La clôture de la mise en état était ordonnée le 14 mars 2024.
A l’issue de l’audience de plaidoirie du 10 juin 2024, la décision était mise en délibéré au 12 août 2024, puis prorogée au 30 septembre 2024 compte tenu des émeutes en cours en Nouvelle-Calédonie et de la réorganisation de l’activité juridictionnelle.
MOTIFS DE LA DECISION
Au soutien de sa demande de résiliation du contrat de bail rural du 20 juin 2017, [E] [T] évoque une occupation du terrain loué dépassant les limites contractuelles, avec la mise en place d’une clôture qui empêche tout passage à la bailleresse au reste de la propriété.
Toutefois, les limites de propriété n’ont pas été précisément définies lors du contrat de bail du 20 juin 2017, de sorte qu’il n’est pas certain que la faute relève de la seule responsabilité des locataires, et qu’elle puisse justifier la résiliation du contrat. L’expert judiciaire saisi dans le cadre d’une procédure de référés avait d’ailleurs pu relever dans son rapport daté du 21 septembre 2021 que “l’implantation de l’exploitation a été ambigüe, la surface louée ne correspondant pas à celle occupée, ni à celle projetée sur le plan d’acte (de vente du 06 octobre 2017). L’intervention d’un professionnel aurait permis de préciser sur le terrain et en superficie l’accord entre les parties.”

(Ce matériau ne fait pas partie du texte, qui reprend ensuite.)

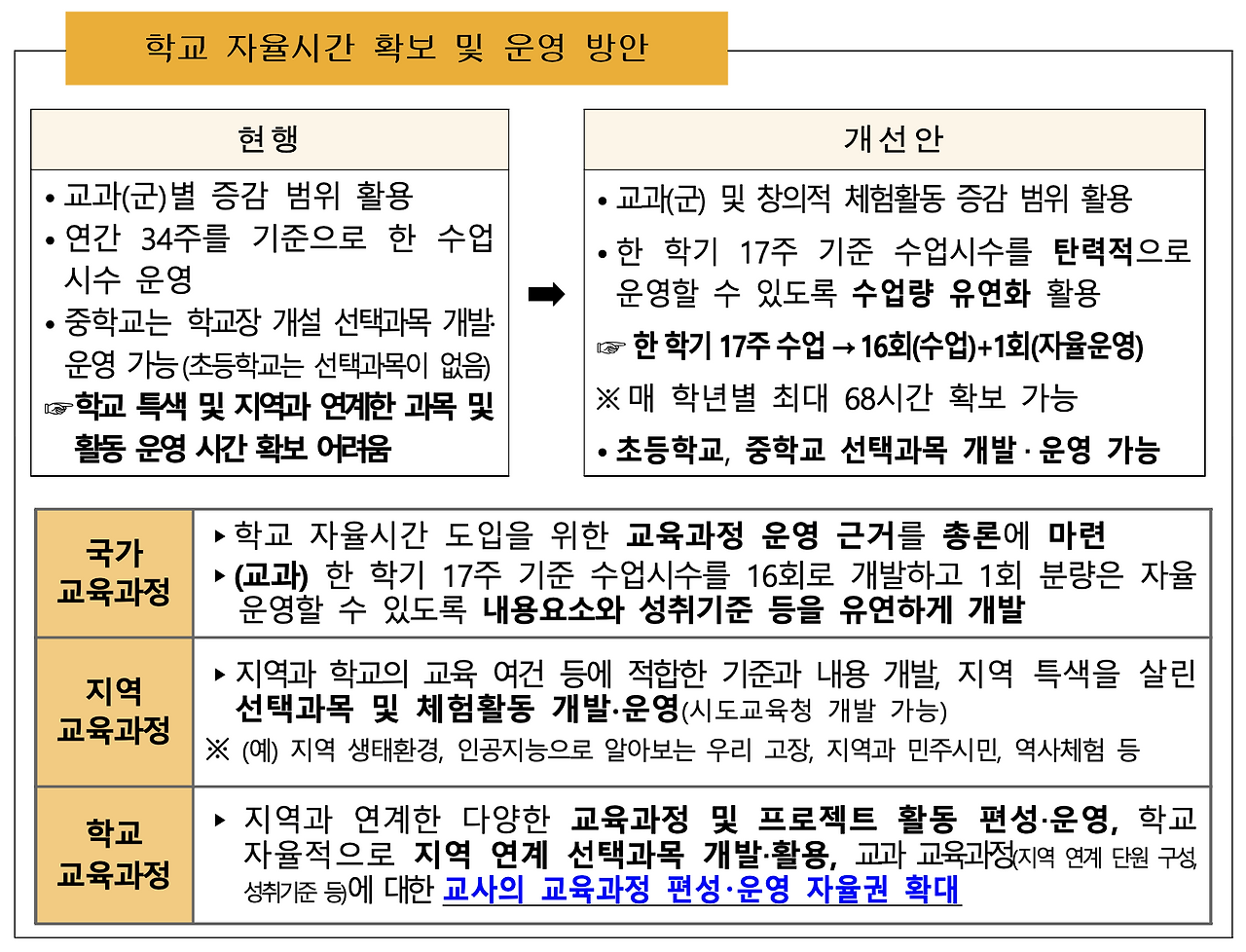 학교의 자율성은 더욱 확대된다. 이 부분은 일반적인 교사와 학교 관리자의 입장이 조금 다를 수도 있는 부분인데, 시대적인 흐름에 따라 학교가 자율적으로 교육과정을 구성할 수 있도록 지원하는 방향으로 개정되는 것으로 이해된다. 물론, 과거와 같이 국가가 정해 준 틀 안에서 단순히 내용을 잘 전달하는 것을 선호하는 교사가 일부 존재할 수는 있겠지만, 요즘 교사들은 교육과정 편성 및 운영의 자율성 확대를 요구하는 목소리가 더욱 큰 것으로 느껴진다. 이러한 맥락에서 학교의 자율성을 확대하는 것은 시대성에 맞는 판단이 아닌가 생각한다. 교육 당국의 입장에서는 학교간 격차, 교사간 격차가 발생하지 않도록 교육 역량을 끌어올리는데 더욱 노력해야 한다는 어려운 과제가 생긴 듯 하다.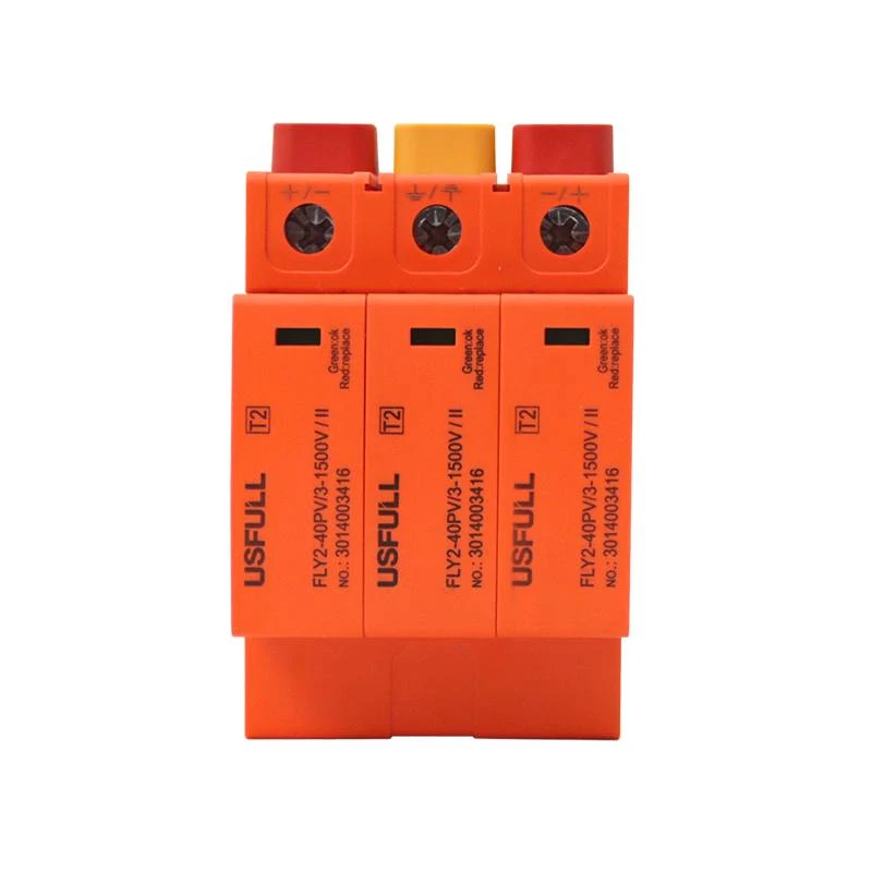 USFULL FLY2-40 DC SPD 太阳能直流浪涌保护器,专为光伏系统设计,可保护光伏系统和变频器免受雷电影响,从而保护电器设备。

Dans ces conditions, il n’est pas inenvisageable qu’à l’issue de la procédure, les parties soient amenées à poursuivre leurs relations contractuelles, dans des conditions qui devront être redéfinies. En conséquence, il est préférable que toute solution qui serait apportée aux différentes questions en litige fasse l’objet d’un consensus entre les parties, même partiel, afin de pacifier la suite de la relation. En conséquence, il convient d’inviter les parties à envisager la poursuite d’une mesure de type médiation ; à cet effet, il y a lieu d’ordonner la réouverture des débats, et d’inviter les parties à comparaître à la prochaine audience, personnellement en application des articles 184 et suivants du code de procédure civile de Nouvelle Calédonie, accompagnées de leurs avocats afin d’envisager l’organisation d’une mesure de résolution amiable du litige, sauf à avoir déjà donné leur accord à une telle mesure.
PAR CES MOTIFS,
Le Tribunal, statuant par jugement contradictoire, mis à disposition au greffe, et avant-dire-droit,
ORDONNE la révocation de l’ordonnance de clôture du 14 mars 2024, et la réouverture des débats,
ORDONNE le renvoi des parties et leur comparution personnelle à l’audience de mise en état prévue le 21 novembre 2024, à 10h30 au tribunal de première instance de NOUMEA, dans la salle qui sera affichée sur place, sauf à ce qu’elles aient donné leur accord à l’organisation d’une médiation dans l’intervalle,
Ainsi fait, jugé et prononcé par mise à disposition au greffe de la juridiction les jour, mois et an ci-dessus.